- Born: 24 December 1896
- Died: 6 April 1988 (aged 91) Yeovil, Somerset
- Allegiance: United Kingdom
- Branch: British Army
- Service years: 1915−1946
- Rank: Brigadier
- Service number: 13413
- Unit: Royal Artillery
- Conflicts: World War I; World War II;
- Awards: Military Cross & Bar

= Edward Jones (British Army officer, born 1896) =

British Army officer (1896-1988)

Brigadier Edward Percy Noel Jones, (24 December 1896 – 6 April 1988) was a British Army officer who served as acting General Officer Commanding 1st Armoured Division during the Second World War.

==Military career==
Jones was commissioned into the Royal Artillery on 27 October 1915. He saw action during the First World War for which he was awarded the Military Cross and a bar to the Military Cross.

Remaining in the British Army during the interwar period, he attended the Staff College, Quetta from 1932 to 1933.
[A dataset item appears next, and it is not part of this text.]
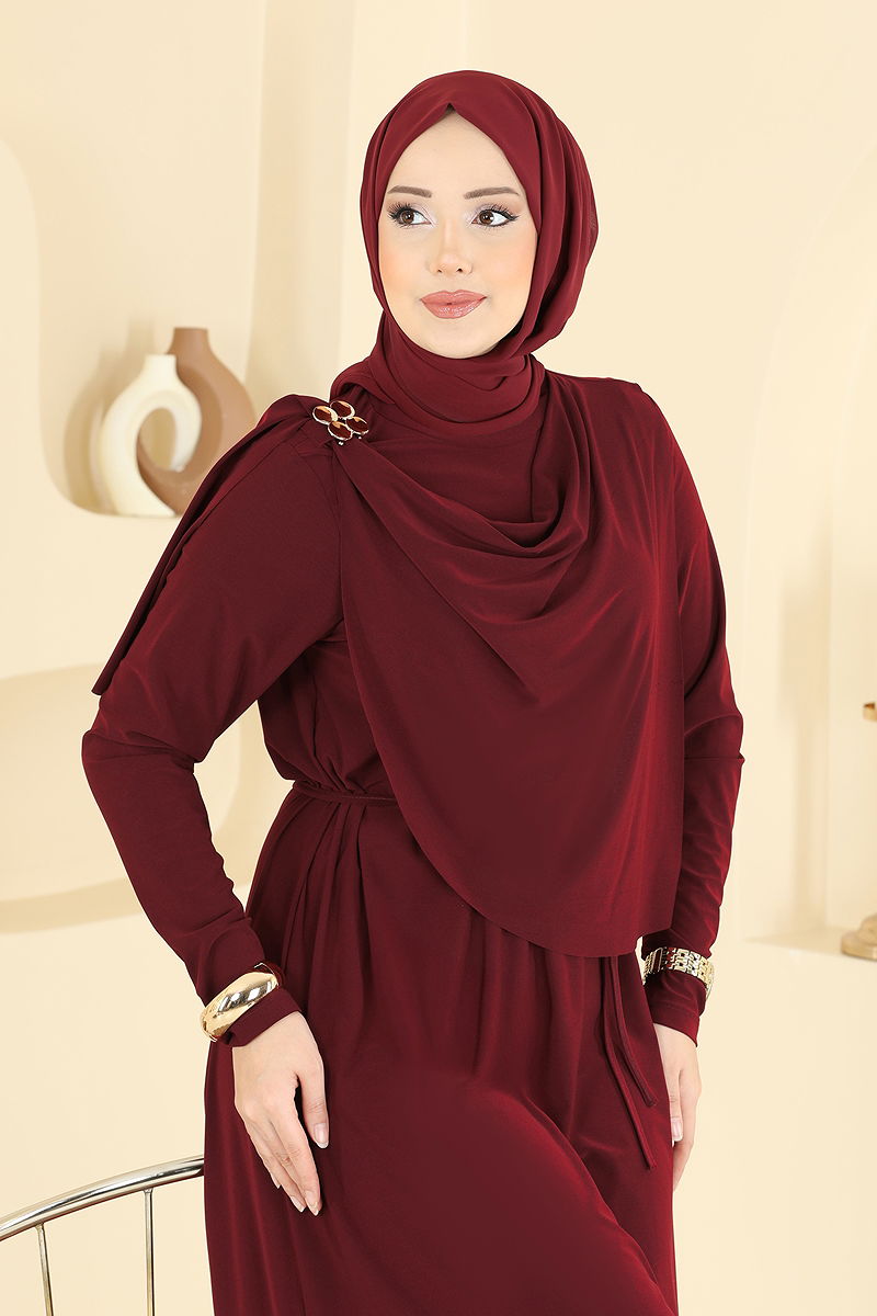 The Buckle Detailed Sandy Dress is a stylish modest wear suitable for all seasons. This dress, which can be washed at 30 degrees due to its delicate nature, is made from durable Sandy fabric. Featuring a crew neck design, this unlined dress impresses with its buckle and shawl details. A lace is also included with the product, which can be used optionally. The product displayed is in size 38.

During the Second World War, he served as Director Royal Artillery for 1st Armoured Division in North Africa and briefly served as acting General Officer Commanding 1st Armoured Division on five occasions: from 18 February 1944 to 29 February 1944, from 14 March 1944 to 19 March 1944, from 24 March 1944 to 27 March 1944, from 10 April 1944 to 15 April 1944 and from 27 April 1944 to 10 May 1944. After the war he served as Brigadier, Royal Artillery in India from January 1946 to September 1946.